The 1st Regional Community Defense Group, Army Reserve Command is a line unit of the Army Reserve Command of the Philippine Army. It was created for the sole purpose of Reserve Force management, procurement, and organisation in the areas encompassing Northern and Central Luzon.

Training
Training is the major task handled by the 1st Regional Community Defense Group. Its primary arms are the university/college-based Department of Military Science and Tactics-administered mandatory basic and the optional advanced Reserve Officer Training Corps; and the territorial unit-administered Basic Citizen's Military Training.

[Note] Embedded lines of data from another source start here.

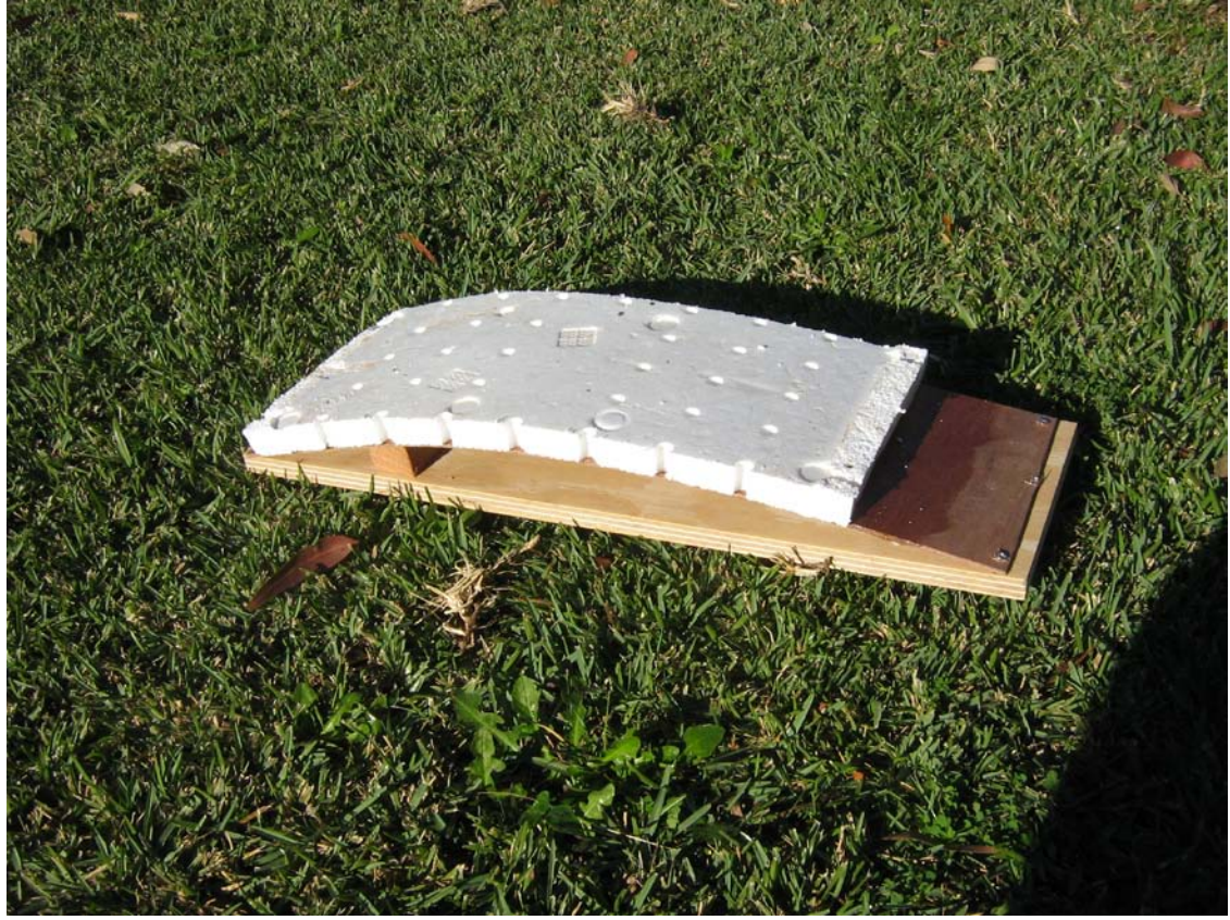
Mould ready for shaping.

1. Make the strong back as shown in the picture using the half inch ply and the 5mm ply with the grain at right angles to allow easy bending. If you have chosen a more extreme curve it will be necessary to cut slits in the foam, which will be filled by resin and micro balloon bog.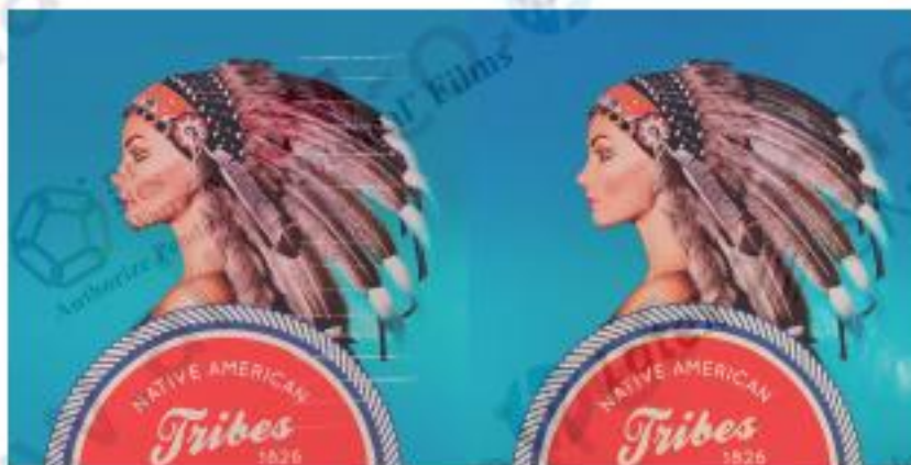
Figure 2 Scratch test prints. Image on the left shows results with eco-solvent inks. Image on the right shows results with HP 831/871/881/891 Latex Inks.

This high level of scratch resistance significantly reduces the risk of accidental damage during the finishing, installation, and display of unlaminated graphics compared to previous HP Latex Inks and competitor eco-solvent inks.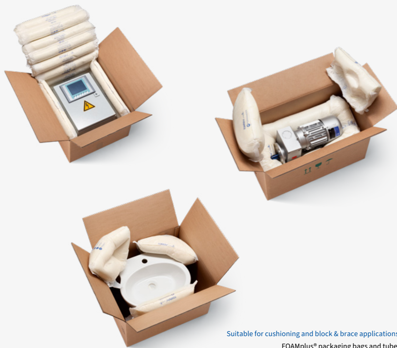
Suitable for cushioning and block & brace applications: FOAMplus® packaging bags and tubes

shape in seconds, and affords the highest degree of protection against shock, vibration and compaction. A robust solution for goods in transit and storage that ensures products arrive in perfect condition. Thanks to its low weight, it also reduces transport costs whether it's fragile ceramics, bulky bicycles or heavy furniture.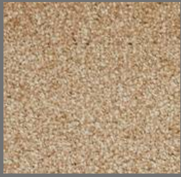
DARK CREAM 93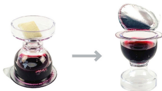
STEP ONE: Open bottom seal. Take and eat.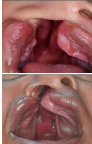
Figure 4: Pre and post orthopedic cleft alveolus intraoral photographs

which indicated that NAM plate improved feeding. At the end of NAM, there was reduction in the alveolar cleft from 14mm to 3 mm [Figure 11] and the columella was lengthened and repositioned from an oblique position into an upright position, which resulted in improved nasal alar cartilage symmetry [Figure 4,9]. At the end of 5 months when the infant weighed 8.5 kgs , the contour of the nostril on the cleft side resembled the unaffected side.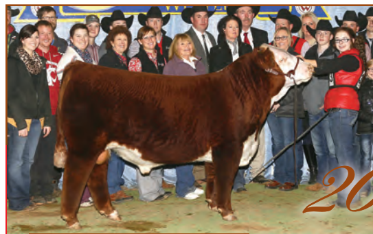
BR Belle Air 6011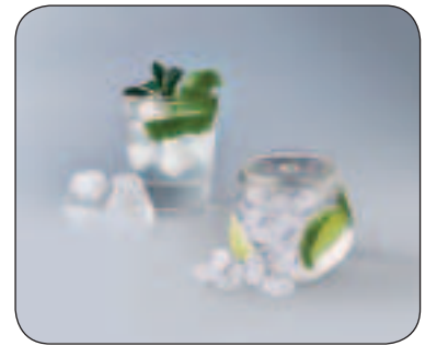
Dual Ice Maker with Ice Bites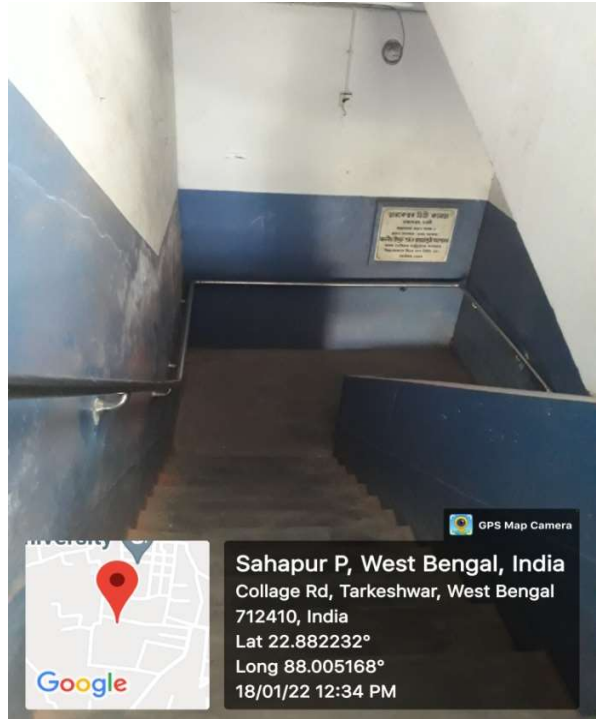
Railing in the staircase of the Main Building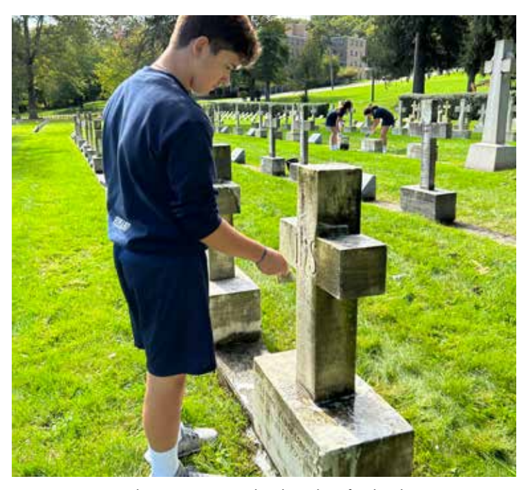
St. Vincent Martyr School student freshening up the Sisters' headstones.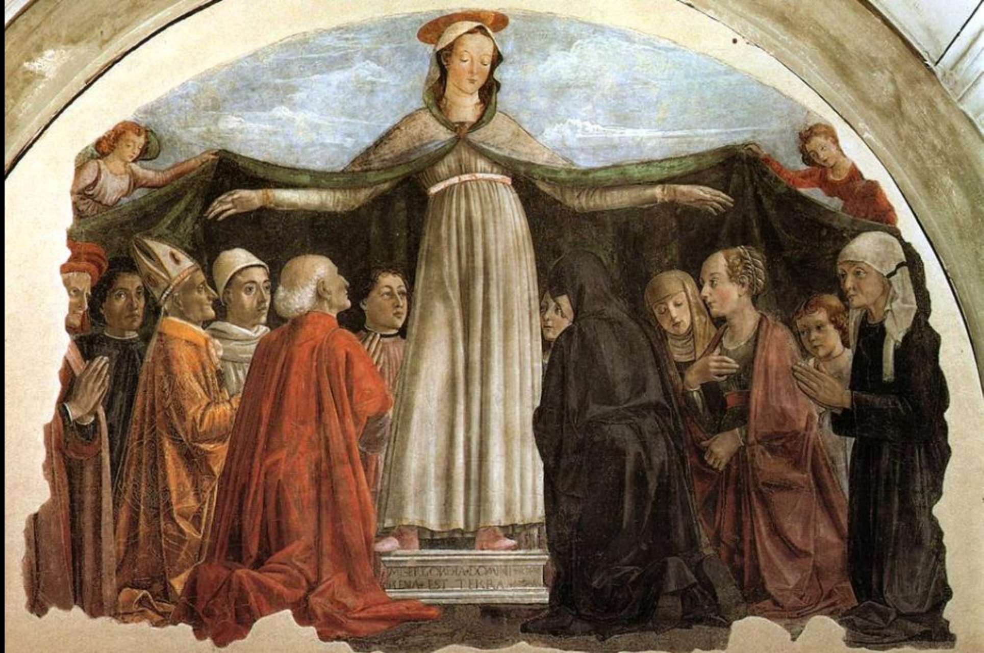
Madonna of Mercy -- Domenico Ghirlandaio, San Salvatore di Ognissanti, Florence, Italy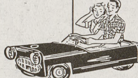
Drives Like a Shoebox Looks Like a Shoebox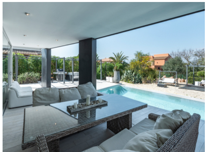
Covered lounge terrace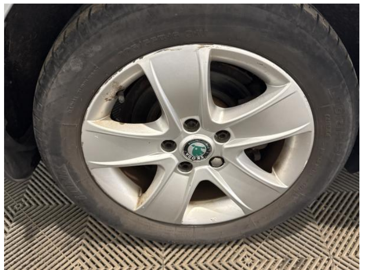
14: Wheel osr Scratched Over 50mm

Basic Reserve Officer Training Corps and Basic Citizen's Military Training graduates are enlisted as privates in the Reserve Force, while advanced Reserve Officer Training Corps graduates are enlisted as sergeants. Completion of Advanced Reserve Officer Training Corps is considered a graduate qualification in military science, and such graduates who subsequently progress to the Probationary Officer Training Course are commissioned as second lieutenants.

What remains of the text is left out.